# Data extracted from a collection
------------------------------------------------------------------------
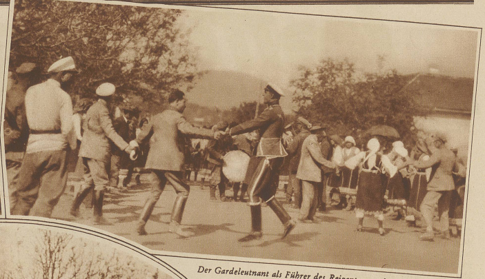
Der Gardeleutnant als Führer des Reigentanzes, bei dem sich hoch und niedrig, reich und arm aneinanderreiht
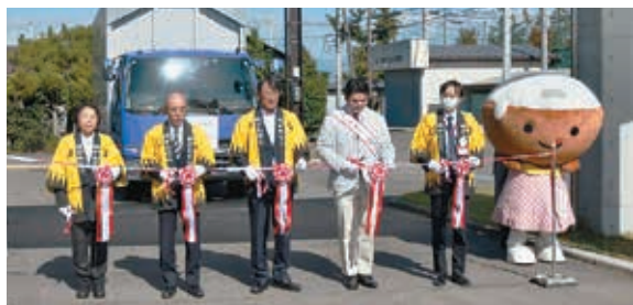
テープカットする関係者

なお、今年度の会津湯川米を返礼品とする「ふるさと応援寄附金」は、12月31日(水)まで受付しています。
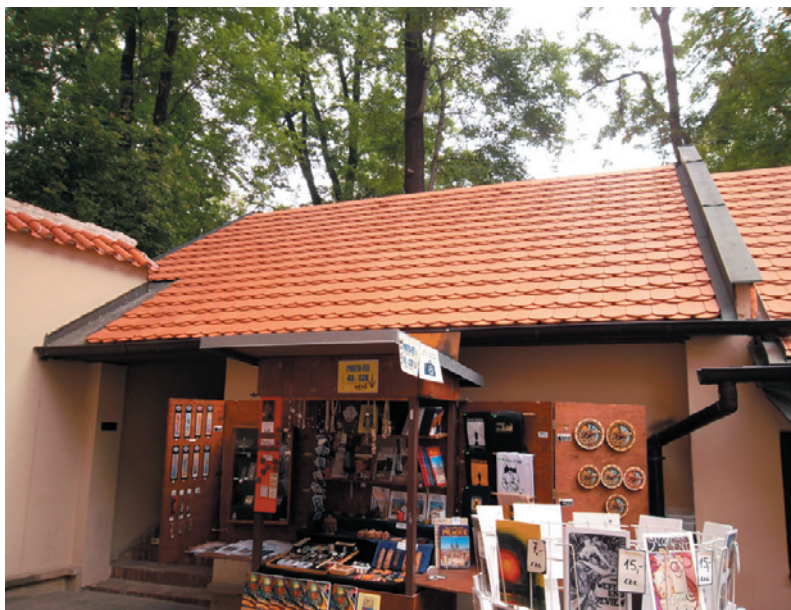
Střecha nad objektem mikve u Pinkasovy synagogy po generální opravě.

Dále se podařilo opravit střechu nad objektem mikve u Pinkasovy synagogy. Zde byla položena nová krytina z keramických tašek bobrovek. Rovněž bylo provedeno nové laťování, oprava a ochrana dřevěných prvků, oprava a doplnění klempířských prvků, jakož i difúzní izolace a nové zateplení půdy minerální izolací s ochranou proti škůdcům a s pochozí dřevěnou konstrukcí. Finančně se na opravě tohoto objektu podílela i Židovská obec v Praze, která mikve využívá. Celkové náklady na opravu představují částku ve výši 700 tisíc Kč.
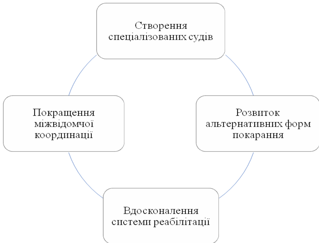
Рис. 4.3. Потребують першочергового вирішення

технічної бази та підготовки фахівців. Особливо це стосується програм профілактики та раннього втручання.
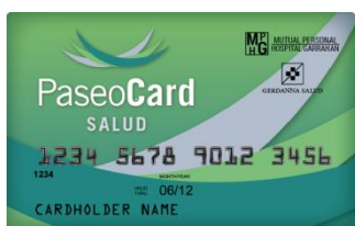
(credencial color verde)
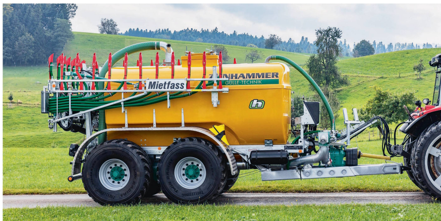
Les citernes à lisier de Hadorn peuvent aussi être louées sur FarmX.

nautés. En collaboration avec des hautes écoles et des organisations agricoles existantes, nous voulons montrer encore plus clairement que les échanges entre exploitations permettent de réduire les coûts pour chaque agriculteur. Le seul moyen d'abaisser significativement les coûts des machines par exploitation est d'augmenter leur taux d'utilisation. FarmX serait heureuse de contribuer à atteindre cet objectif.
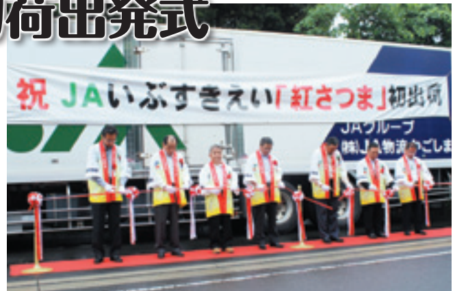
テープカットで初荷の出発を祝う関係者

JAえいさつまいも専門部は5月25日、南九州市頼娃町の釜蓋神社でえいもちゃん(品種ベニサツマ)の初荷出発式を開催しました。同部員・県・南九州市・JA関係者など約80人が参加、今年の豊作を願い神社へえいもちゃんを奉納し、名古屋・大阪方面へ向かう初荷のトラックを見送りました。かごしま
------------------------------------------------------------------------
# Exercise
Each line of the records above that contains the word "FarmX" should be counted; give the resulting number without further words.

# Solution for this exercise
2